On the other hand, a multi-family house is a structure that is designed to accommodate more than one family.
Size of the Unit
A single-family house usually offers more living space compared to a multi-family house.
Typically, single-family houses range from 1,500 to 3,000 square feet, while multi-family houses are much smaller, ranging from 400 to 1,200 square feet.
The layout of the House
The layout of a single-family house typically includes more bedrooms compared to a multi-family house.
Additionally, single-family houses may have a den, foyer, media room, and other spaces not typically found in multi-family complex units.
These extra rooms and spaces make the layout of a single-family home more suitable for accommodating a single family’s needs and preferences.
Features of the House
Features like a private garage attached to the house are common stables of single-family living.
Multi-family units have a community-style garage.
Each unit owner can have a designated parking spot in the garage, which is not found in single-family houses.
Cost of the Unit
When it comes to cost, a single-family house is generally more expensive compared to a unit in a multi-family house.
This is due to several factors, such as the size, amenities, features, neighbourhood, and privacy that single-family homes offer.
These factors contribute to the higher cost of single-family homes compared to units in a multi-family complex.
Privacy
Single-family living offers a higher level of privacy compared to multi-family living.
In a single-family home, you don’t have to share your driveway, garage, entry door, hallway, or other living spaces with your neighbours.
A single-family house offers more personal space and privacy than a multi-family home, where you share common areas with other families.
Advantages Of Buying A Single-Family House
- You can do whatever you want with your yard without bothering the neighbours.

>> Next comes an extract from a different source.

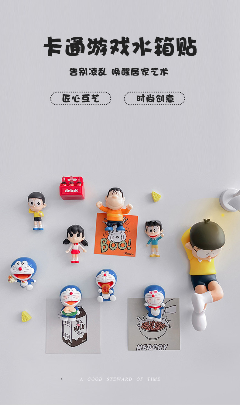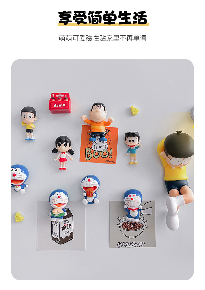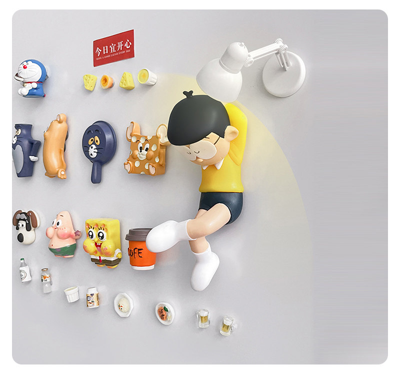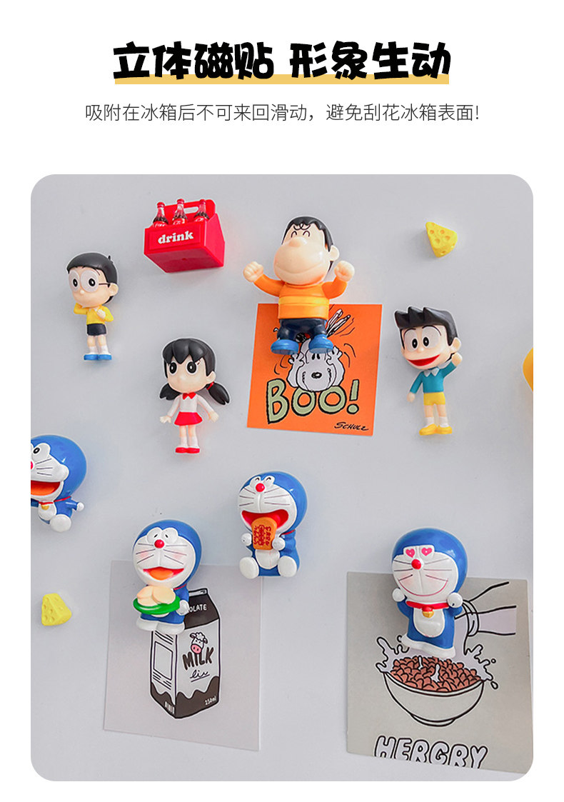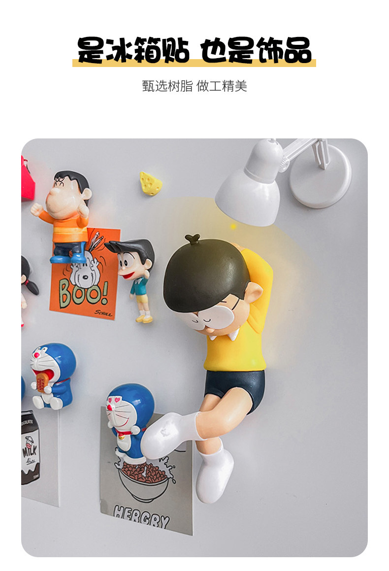 创意睡觉大熊 哆啦a梦冰箱磁吸贴个性3d立体无痕贴入户门家居装饰

- No one above or below you to worry about. You have complete privacy.
- Another pro is that it has a garage to keep your car instead of the street.

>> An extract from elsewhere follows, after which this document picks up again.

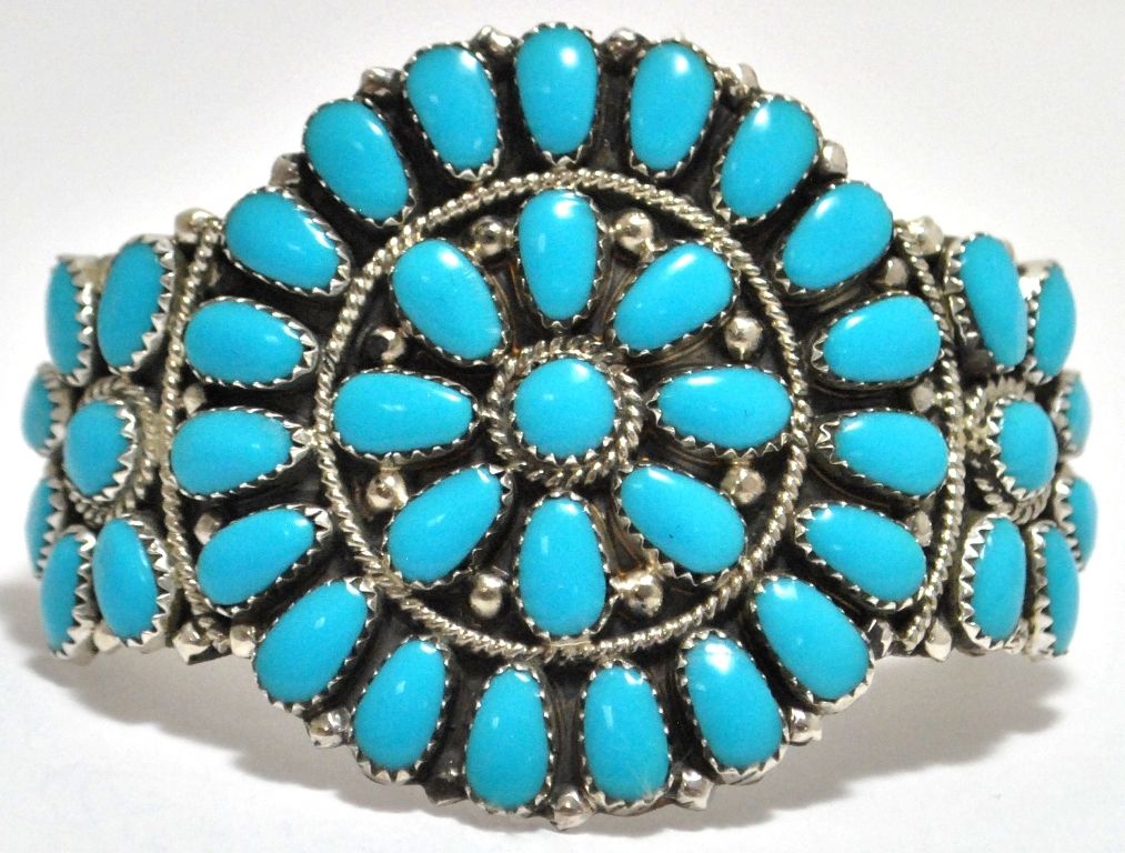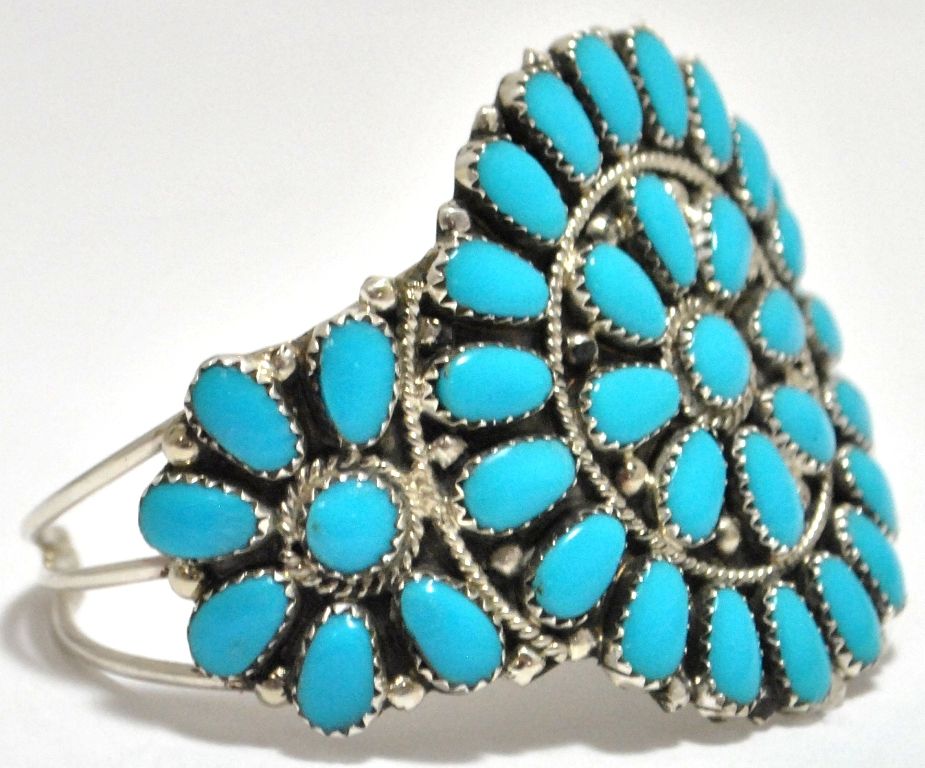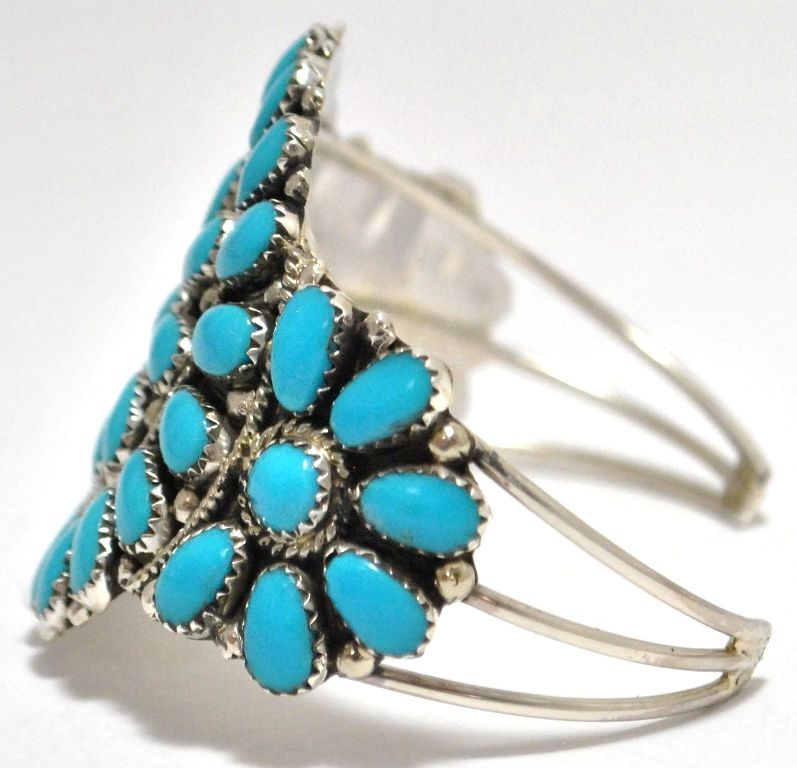 Navajo Turquoise Cluster Sterling Silver Cuff Bracelet - Juliana Williams

Disadvantages Of Buying A Single-Family House
- It is more expensive to buy a single-family house than a multi-family condo complex in a specific location.
- Unlike a single-family home, you could earn a rental income for your multi-unit house.
- Your house may lack the amenities that are familiar with condo complexes. If you have put in your property, you will all bear the cost.
Alternatives To Single-Family Houses
Many of us like to think that our home is a castle, so there are alternatives to a single-family dwelling.
- Condominiums: These are similar to apartments, but the property is owned by a group of people rather than one specific person. This allows you to have a private living space while benefiting from shared amenities and common areas.
- Cooperatives: Another option is cooperative housing, which is similar to a condo but owned by the residents rather than a group of people. This means that the residents collectively own the property.
- Group Living: For those interested in a single-family home but open to sharing it with multiple families, group living might be a good option. This is like having roommates but with a shared common area and responsibility for maintaining the property.
- Townhomes: Finally, if you’re interested in a single-family home with a view of the surrounding area, a townhome might be the right choice. Townhomes are typically multi-level homes that share one or two walls with neighbouring units. This allows you to have the privacy of a single-family home while still having a view of the surrounding area.
Financing Your Single-Family Home Purchase with a Mortgage
A mortgage can be a helpful tool for quickly achieving your dream of homeownership.
It allows you to divide the total cost of the house into regular payments over a long time, making it more manageable.
You can obtain a mortgage from your bank, credit union, broker, or online platforms like approvU.
However, before proceeding, it is crucial to understand the steps involved in acquiring the right mortgage loan that fits your budget and needs.
We’ve compiled some useful tips for obtaining a mortgage loan.
Read on to learn our top recommendations for securing the financing you need for your new home.
Look at Your Budget
To ensure that you’re financially ready to take on a mortgage, you must examine your budget and determine your ability to make the required payments.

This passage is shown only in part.